Another way to stop being shy is to discover its cause. Maybe there were parents who criticized too often. Or a religion that kept the reins very tight. If the shyness is genuine, and not merely the acceptable cover for something else, then each case has its own cause. Discovering that cause is beyond the boundary of our chats. How to get over it and what caused it are not the same topic. For now, we are looking at what it is and how to cure it.
Yet another way to stop shyness is to recognize its damage. Shyness
allows us to wrap ourselves in gauze so that we cannot let loose
our creative energies. The claim to shyness allows us to shove
intuition and imagination into a dark cave, while "shyness" guards
its entrance. The claim to shyness allows us to be a waiter who
acts, not an actor who waits.
Accurate terminology is essential. Call it what it is; give your feelings the accurate term and you are half-way to being cured. Language is precious. Use of accurate language would cure many of our problems. So do not contribute to language clutter by telling yourself you are "shy" when it just isn't so. Here's a suggested early morning, look-in-the-mirror-while-washing-your-face sentence to say to yourself: "I am _____." But fill in the blank with the truth, not with a thing mistakenly called "shyness."
Besides calling it by its right name, another cure for "shyness" is to want something else more than you want the shyness. Let that something else be an obsessive drive to perform. This is the one I personally subscribe to. It worked for me.

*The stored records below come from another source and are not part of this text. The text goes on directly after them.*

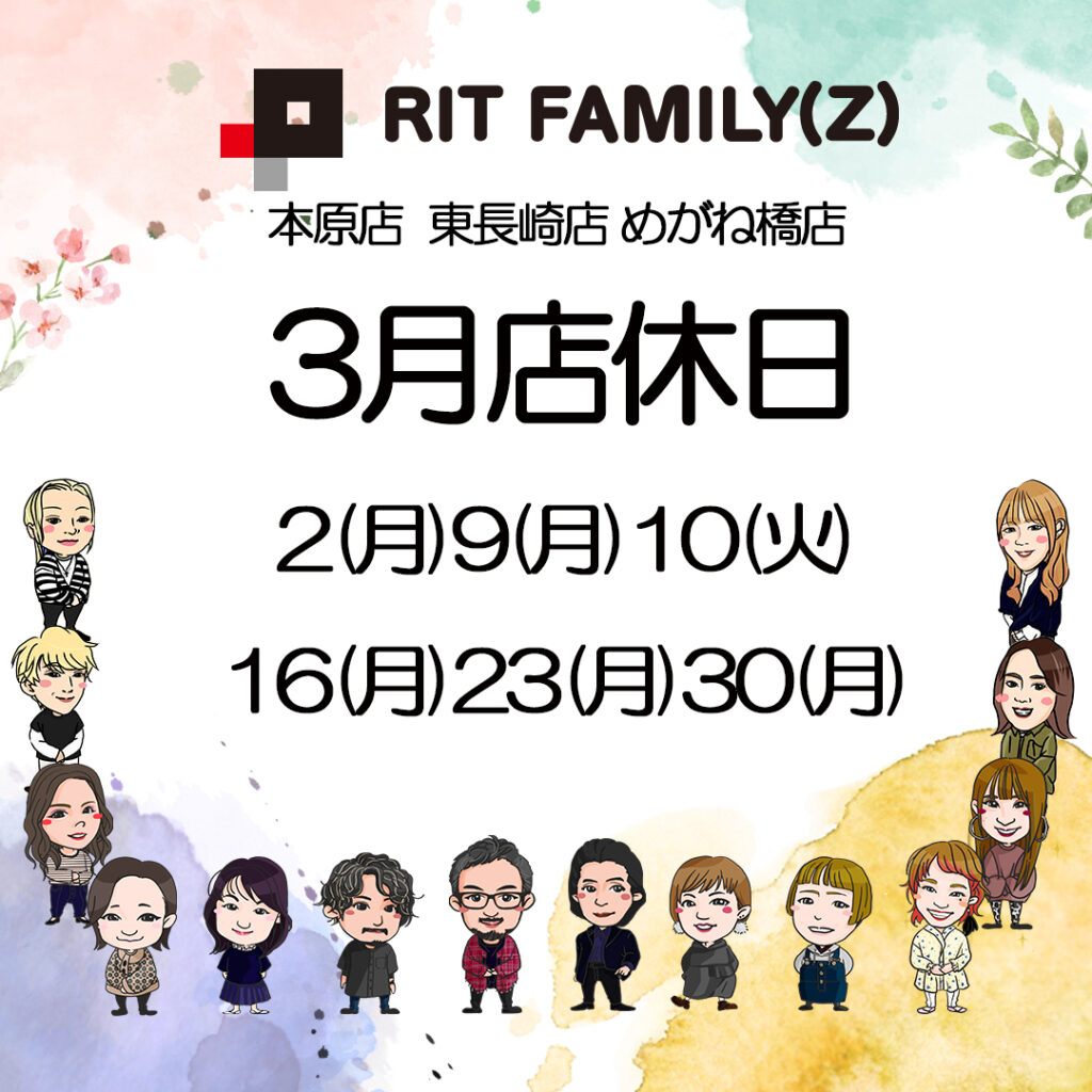 投稿日: 2026年2月27日 投稿者: RIT FAMILY(Z)3月の店休日 ★3月店休日のご案内です★ 2(月)9(月)10(火)16(月)23(月)30(月) ★受付時間 火水木金曜日 10:00~18:00 土 日曜日 9:30~17:30 共有:FacebookTwitterPinterestSkype
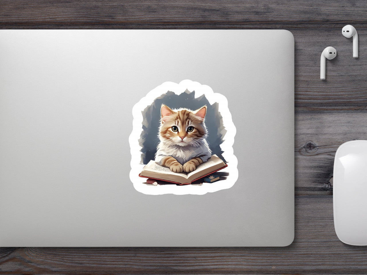 Set 2 bucati, Sticker decorativ, Pisicuta cititoare, Rezistent la apa, NO6520, 16 cm, Multicolor
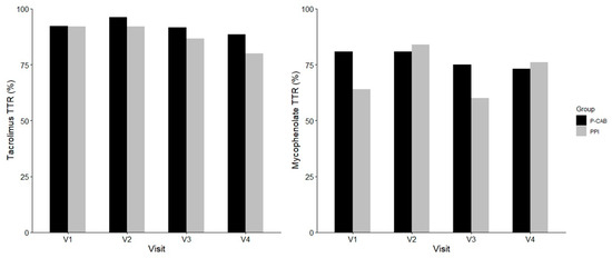 Comparison of time in therapeutic range (TTR) for tacrolimus and mycophenolate between P-CAB (black) and PPI (gray) groups across visits. TTR values were calculated at each scheduled visit. Abbreviations: PPI, proton pump inhibitor; P-CAB, potassium-competitive acid blocker; TTR, time in therapeutic range.
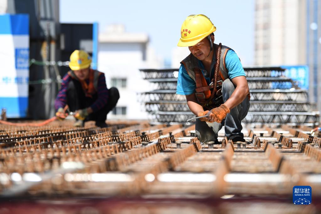 6月24日,在中建三局承建的甘肃省中医院西北区域中医医疗中心建设项目工地上,钢筋工马吾麦来(右)在绑扎钢筋。
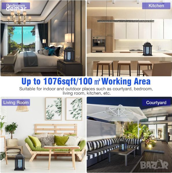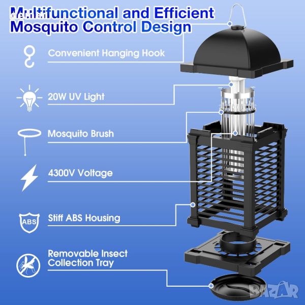 Лампата за унищожаване на комари TMACTIME предлага ефективен и екологичен подход за контрол на насекомите, като използва мощна 20W и 4300V електрическа мрежа. Той излъчва ултравиолетови светлинни вълни при 365 нанометра, като ефективно привлича и бързо убива широка гама от насекоми, включително комари, плодови мушици и молци. За оптимална работа е препоръчително да използвате лампата на тъмно и да я включвате 2-3 часа преди лягане. Това устройство използва физически методи за елиминиране на насекоми, което го прави нетоксичен и без замърсяване, следователно по-безопасен и по-екологичен от химическите спрейове. Отличава се с повишена безопасност дизайн с мрежест корпус от ABS пластмаса за предотвратяване на случаен контакт, което го прави безопасно около деца и домашни любимци. Устройството включва 47" PVC захранващ кабел и удобен пръстен за окачване за лесно поставяне. Лесният за почистване дизайн включва подвижно квадратно шаси, което опростява задачата за изхвърляне на мъртви насекоми - просто го завъртете, издърпайте пръстена, изчеткайте , и изплакване, подходяща както за вътрешна, така и за външна среда, тази тиха и незамърсена лампа е идеална за домове, както и за външни пространства като задни дворове и къмпинги, като се гордее с водоустойчива конструкция, която издържа на природните стихии.
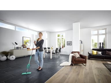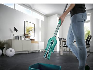 Picobello golvmopp med teleskopskaft är praktisk och enkel att hantera. Med den enkla pressmekanismen på handtaget kan du enkelt pressa ut vattnet ur duken utan att behöva böja dig eller stoppa ner händerna i det smutsiga vattnetLäs mer om produkten
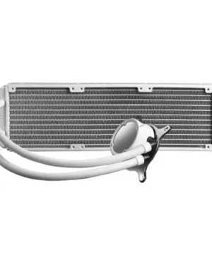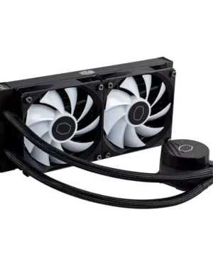 Le Cooler Master MasterLiquid 240L Core est un système de refroidissement liquide à double radiateur pour PC, conçu pour maintenir des températures optimales et assurer un fonctionnement silencieux. Il est doté d’une pompe robuste, de tuyaux souples et d’un ventilateur haute performance pour une dissipation thermique efficace.
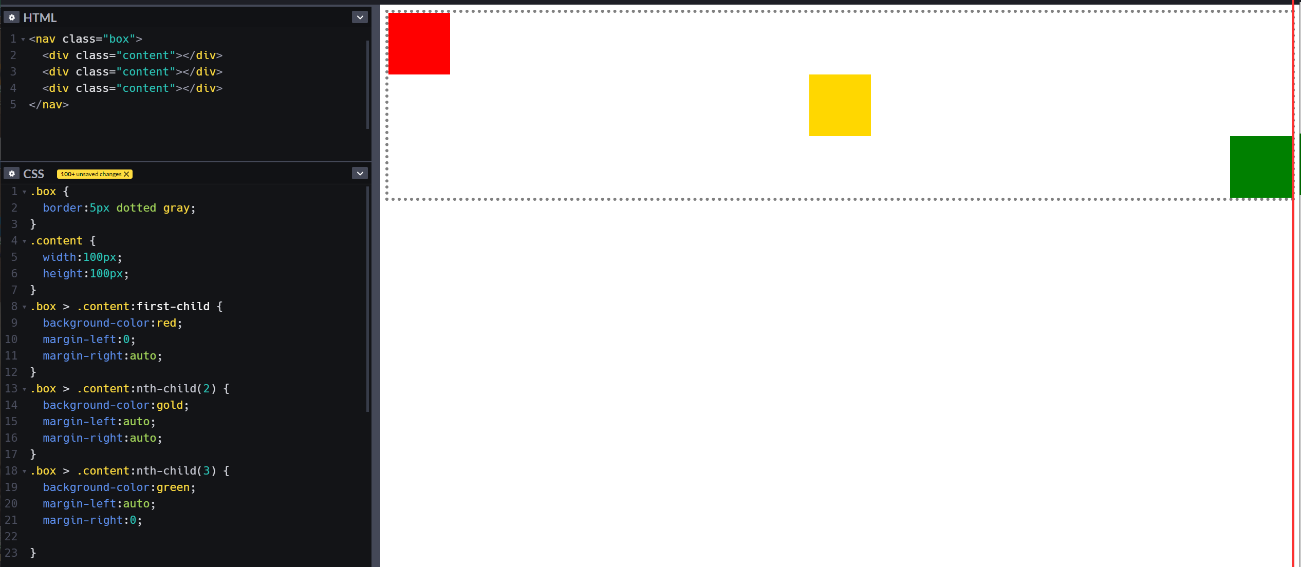 3. 오른쪽 : margin-right:0; margin-left:auto 로 왼쪽에서 놓아주어야 오른쪽 0을 나타낼 수 있다.

One curious way to face "shyness" is to get so angry that the anger
propels you past the safety of shyness. Countless are the times I
have stepped on stage ready to spit hot nails. Anger is a
remarkable source of energy. It certainly hurtles you past the
concentration on self that lies at the core of "shyness."
Another cure for "shyness" depends on acknowledging an unpleasant truth. If you have a genuine gift, then being shy and not sharing that gift is preventing the public from moments of happiness which you could bring them. Let's call that self-centeredness, not shyness.
And last, the way to overcome whatever the thing is you are calling "Shyness" is to over prepare. Oh no, not that old bromide again. Yes! Don't use shyness as an excuse not to demand perfection. Preparation and perfection are inseparable.
Battle that thing misnamed "shyness" both with the shining light of accurate language and with the joyous drive to act. Yearn to act. And then shed your shy skin and pursue auditions and roles with a single mindedness that propels you past "shy." Want to act and be seen more than you want to be shy and hidden. If 'shyness' is stronger than the drive to act, acknowledge that. Facing the truth about our feelings may be painful but it often heals.
Proper terminology, a drive to perform, recognition of the nature of "Shyness," preparation--these are a few of the weapons against the invading armies that hide behind the shield of "Shyness."